The first thing is to understandDPThe meaning of array,DPAn array is a two-dimensional array
- base case: dp[…] [0] and dp [0] […].
- [I][J]
  - Def dp (I, j) – > int: return to s1 and s2 [0,…, I] [0,…, j] the minimum edit distance
  - Dp [I – 1] [1] : store s1 and s2 [0,…, I] [j] 0,…, the minimum edit distance. Because the values of I and j of the dp function are -1, and the minimum index of the array is 0. So the DP array will be offset by one

int minDistance(String s1, String s2) {
	int m = s1.length(), n = s2.length();
	int[][] dp = new int[m][n];
	// base case
	for (int i = 1; i <=m; i++) {
		dp[i][0] = i;
	}
	for (int j = 1; j <= n; j++) {
		dp[0][j] = j;
	}
	// Compute the DP Table from bottom up
	for (int i = 1; i <= m; i++) {
		for (int j = 1; j <= n; j++) {
			if (s1.isCharAt(i) == s2.isCharAt(j)) {
				dp[i][j] = dp[i - 1][j - 1];
			} else {
				dp = min(
					/ / delete
					dp[i - 1][j] + 1;
					/ / replace
					dp[i - 1][j - 1] + 1;
					/ / insert
					dp[i][j - 1] + 1;) ; }}}// Store the minimum edit distance for s1 and s2
	return dp[m][n];
}

int min(int a, int b, int c) {
	return Math.min(a, Math.min(b, c));
}
Copy the code

conclusion

Handle dynamic programming of two strings:
- According to the algorithm of editing distance to solve
- Create a DP Table. This makes it easier to find the state transition relationship
Because each dp[I][j] is only related to three nearby states, the spatial complexity can be compressed to O(min(m,n)), where M and n are the lengths of two strings O(min(m,n)), where m and n are the lengths of two strings O(min(m,n)), where m and n are the lengths of two strings O(min(m,n))
You can add additional information to the DP Table:

Node[][] dp;

class Node {
	// The value of the previous dp array
	int val;
	// Attribute manipulation
	int choice;
}
Copy the code

When making an optimal choice, write down the actions and then you can work backwards from the results
The final result is dp[m][n], where val has the minimum edit distance and choice has the last operation
Repeat this process, step by step back to the starting point dp[0][0], forming a path, according to this path for string editing, is the minimum editing distance

Minimum edit distance Java implementation
Minimum edit distance C++ implementation:

class DynamicProgramming {
	public:
		int minDistance(String s1, String s2) {
			int m = s1.size(), n = s2.size();
			vector<vector<int>> dp(m + 1, vector<int>(n + 1));
			// basecase
			// when s2 is empty, s1 needs to delete all characters to be the same as s2
			for (int i = 1; i <= m; i++) {
				dp[i][0] = i;
			}
			// When s1 is empty, s2 needs to delete all characters to be the same as s1
			for (int j = 1; j <= n; j++) {
				dp[0][j] = j;
			}
			// Solve from bottom up
			for (int i = 1; i <= m; i++) {
				for (int j = 1; j <= n; j++) {
					if (s1[i - 1] == s2[j - 1]) {
						// The current characters of the two strings are equal
						dp[i][j] = dp[i - 1][j - 1];
					} else {
						// The current characters of the two strings are different
						dp[i][j] = min({
							// delete s1[I]
							dp[i - 1][j] + 1.S1 [j] = s1[I]; s2[j] = s2[j
							dp[i][j - 1] + 1.// Replace s1[I] with s2[j]
							dp[i - 1][j - 1] + 1}); }}}// Store the minimum edit distance for s1 and s2
			returndp[m][n]; }};Copy the code

mo4tech.com (Moment For Technology) is a global community with thousands techies from across the global hang out!Passionate technologists, be it gadget freaks, tech enthusiasts, coders, technopreneurs, or CIOs, you would find them all here.

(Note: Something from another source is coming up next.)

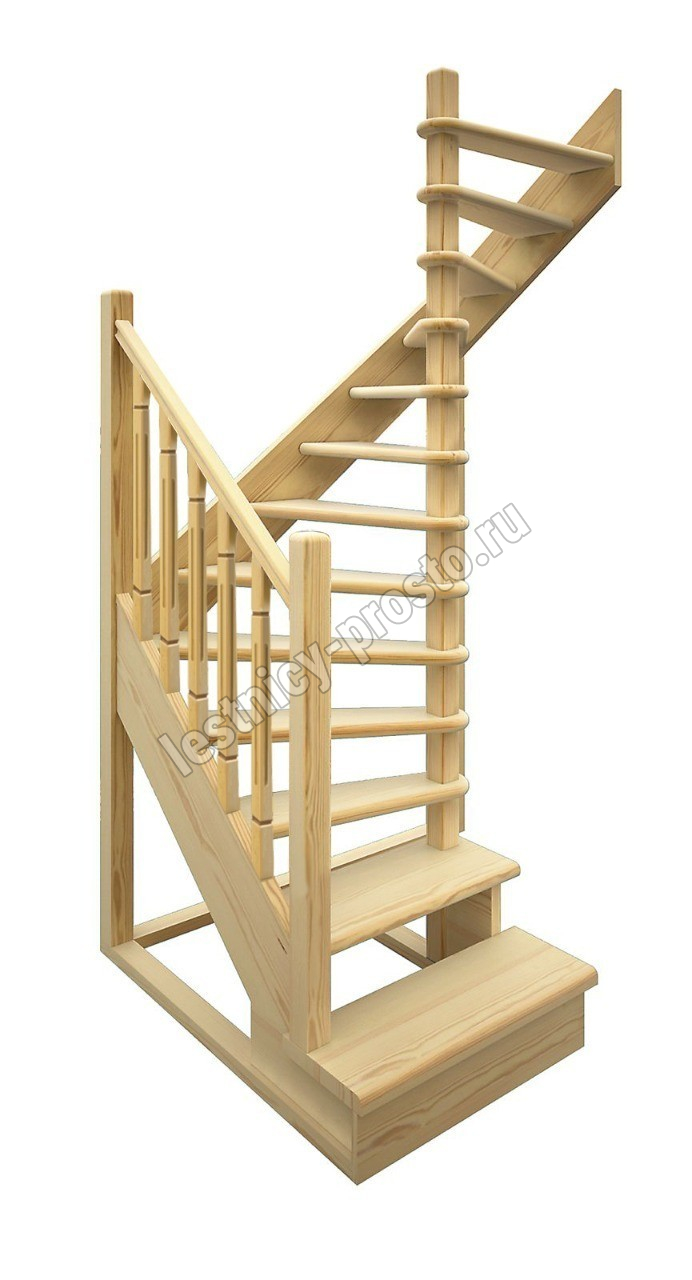 Удобная поворотная лестница на второй этаж. Дополнительные ограждения по первому маршу обеспечивают безопасность при подъеме и спуске, кроме того, небольшой угол подъема открывает всю площадь ступеней. Монтаж осуществляется силами двух человек на объекте по указаниям, приведенным в паспорте на лестницу.

Classical dynamic programming problem detailed analysis: the shortest editing distance algorithm principle analysis and solution

The basic concept

Thought analysis

The problem solution

Optimization problem

The memo

DP Table

conclusion

Classical dynamic programming problem detailed analysis: the shortest editing distance algorithm principle analysis and solution

The basic concept

Thought analysis

The problem solution

Optimization problem

The memo

DP Table

conclusion

Related Posts

Centos7 deploys Python, Mysql, Redis, and Java

How does Redisson implement distributed locking?

Why is Hbase query speed still high in the face of tens of billions of data?